You can calculate the instantaneous speed between subsequent route points and, for example, draw a heatmap from these values (after averaging).
Having the measurement time at a given point, we can also try to check whether we reach a higher driving speed in the afternoon than in the morning. By adding data on the wind direction (this will be difficult - where to get such detailed data in location and time?) and calculating the azimuth of movement from two adjacent measurement points, we can determine whether the driving speed after adding/receiving wind force is constant or dependent on the time of day.

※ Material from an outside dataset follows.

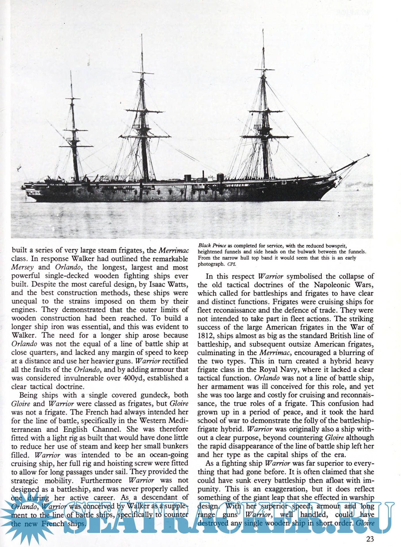 Year: 1987 Language: english Author: Lambert А. Genre: History Publisher: Conway Maritime Press Edition: 1st ISBN: 0851774113 Format: PDF Quality: Scanned pages Pages count: 200 Description: Launched in 1860, Warrior was the first ever iron-hulled, sea-going armoured ship, and for a number of years was the most powerful warship in the world. By a fluke of history the ship also survived to be the last of the broadside ironclads, and was rescued from an obscure existence as a refuelling hulk in West Wales to become the subject of the most ambitious ship restoration project ever mounted. To satisfy the modelmaker, enthusiast and technical historian, the book is illustrated in depth with many of the plans drawn up for the reconstruction, as well as numerous photographs of the ship and her fittings taken during her service career and during reconstruction.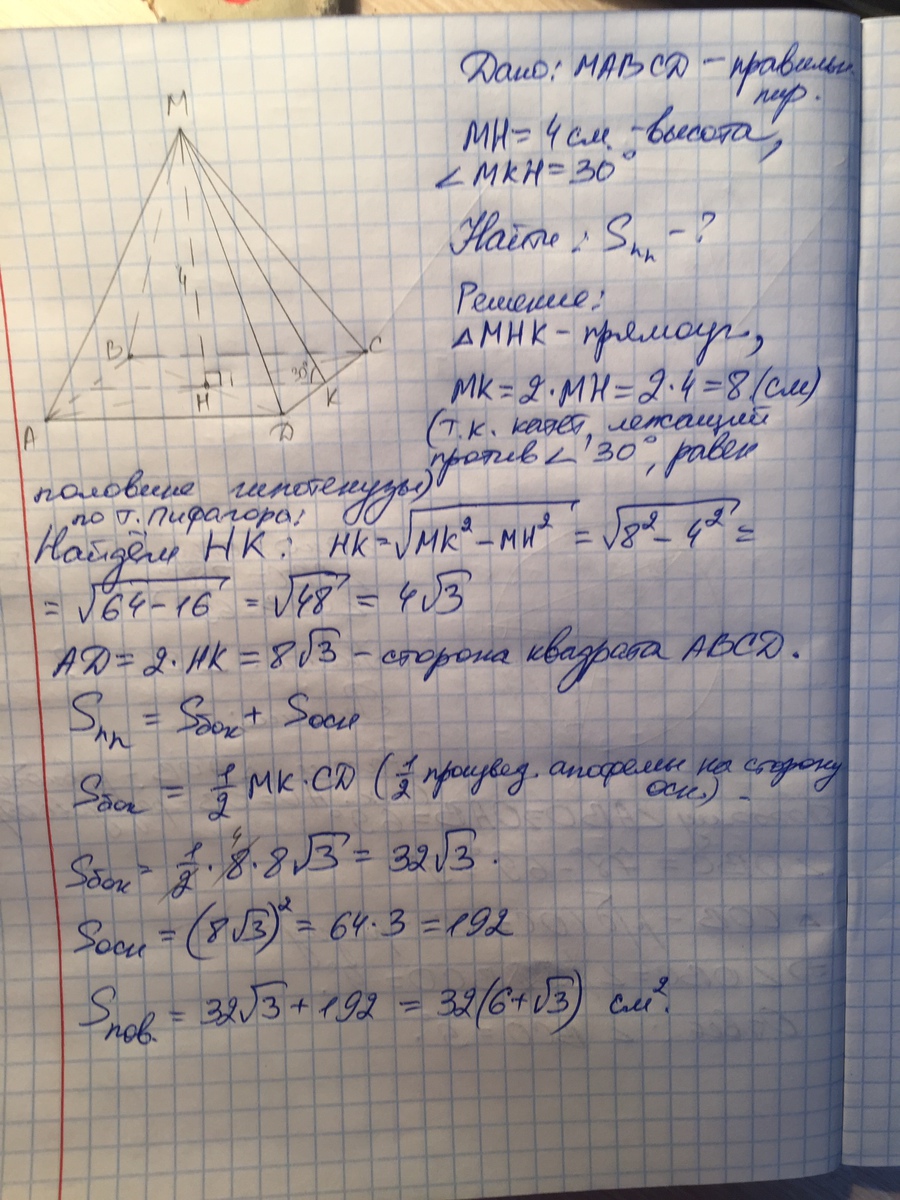 В правильной четырехугольной пирамиде МАВСД высота 4 см, апофема наклонена к плоскости основания под углом 30 градусов. Найдите площадь поверхности пирамиды.(решите пожалуйста подробно с рисунком)

In the data we also have the value ele , or height. So we can calculate the height gradient at each point and again compare it to the speed.

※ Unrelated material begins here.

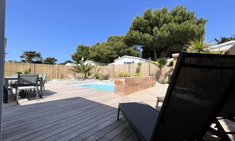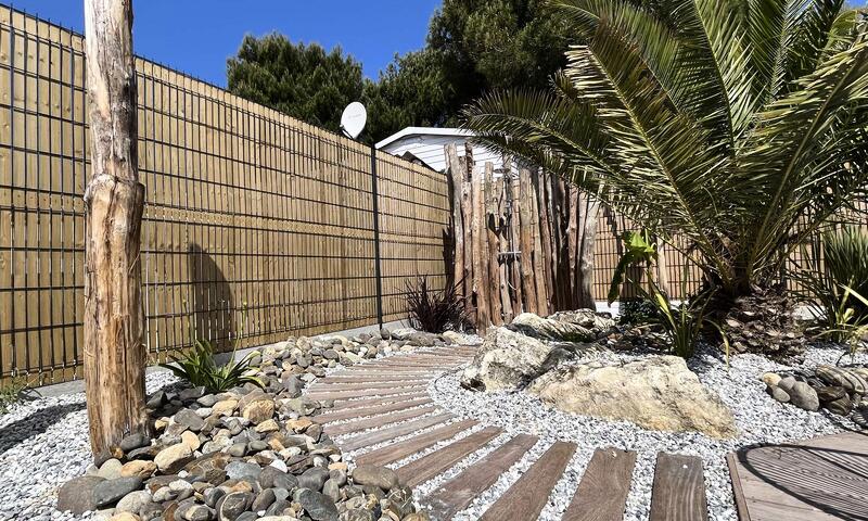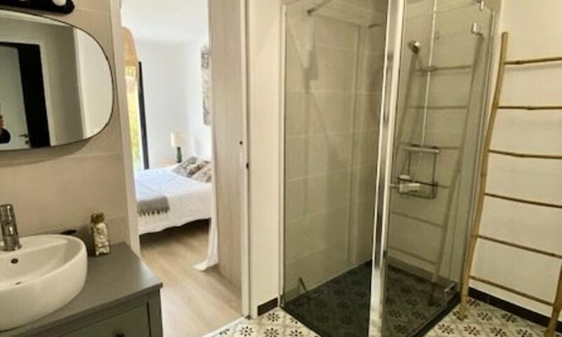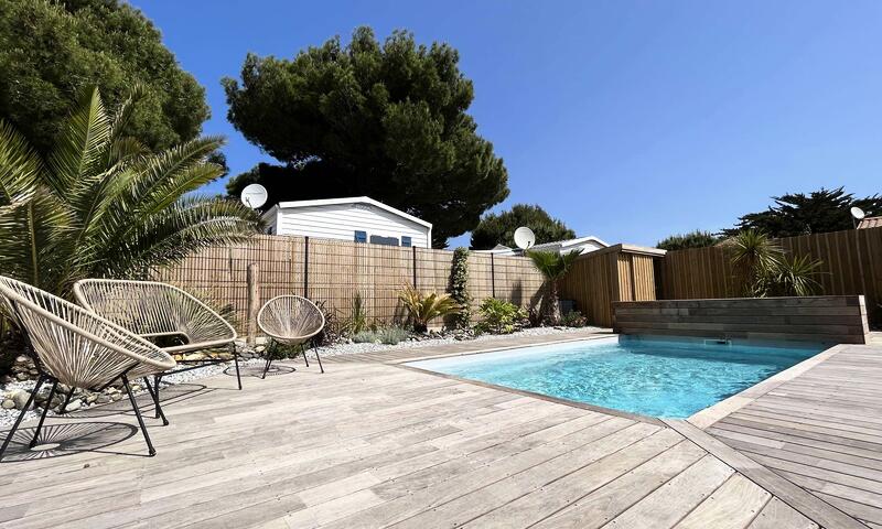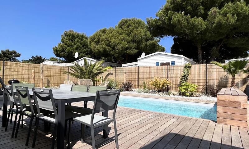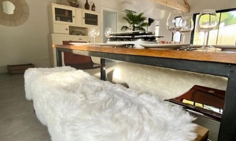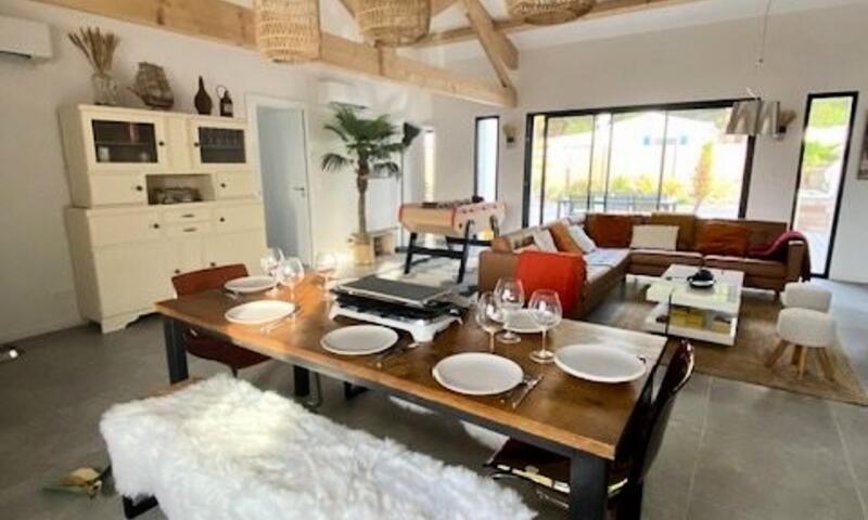 Belle maison contemporaine avec charpente apparente sur un terrain de 500 m² environ avec piscine privée se composant d'une grande pièce de vie avec cuisine ouverte aménagée et équipée, d'une première chambre avec un lit deux couchages (160) et rangements, d'une deuxième chambre avec un lit deux couchages (140), un lit un couchage (90) et rangements, ces deux chambres possèdent une salle d'eau attenante ainsi qu'un WC indépendant, d'une troisième chambre avec un lit deux couchages (160) et rangements, d'un quatrième chambre avec un lit deux couchages (140), un lit un couchage (90) et rangements, ces deux chambres possèdent également une salle d'eau attenante ainsi qu'un WC indépendant, d'un cellier avec rangements. A l'extérieur, une terrasse donnant sur une piscine privée (ouverte et chauffée de mi-juin à mi-septembre) à l'abri des regards ainsi qu'une douche extérieure. Parking sur le terrain.

In most cases these ideas are a bit absurd, but look what you can get with a series of measurement data with only four features: measurement time, longitude and latitude, and altitude above sea level. From these four parameters we derive the following: instantaneous speed, altitude change, azimuth of movement, time-related features (hour of the day, day of the week, month, season, year, time elapsed since the start of the route) which we can freely combine.
I am not talking about geographical features and for example the use of machine learning algorithms, such as the DBSCAN algorithm which would allow finding groups of closely adjacent points. These could be favorite places or something like that.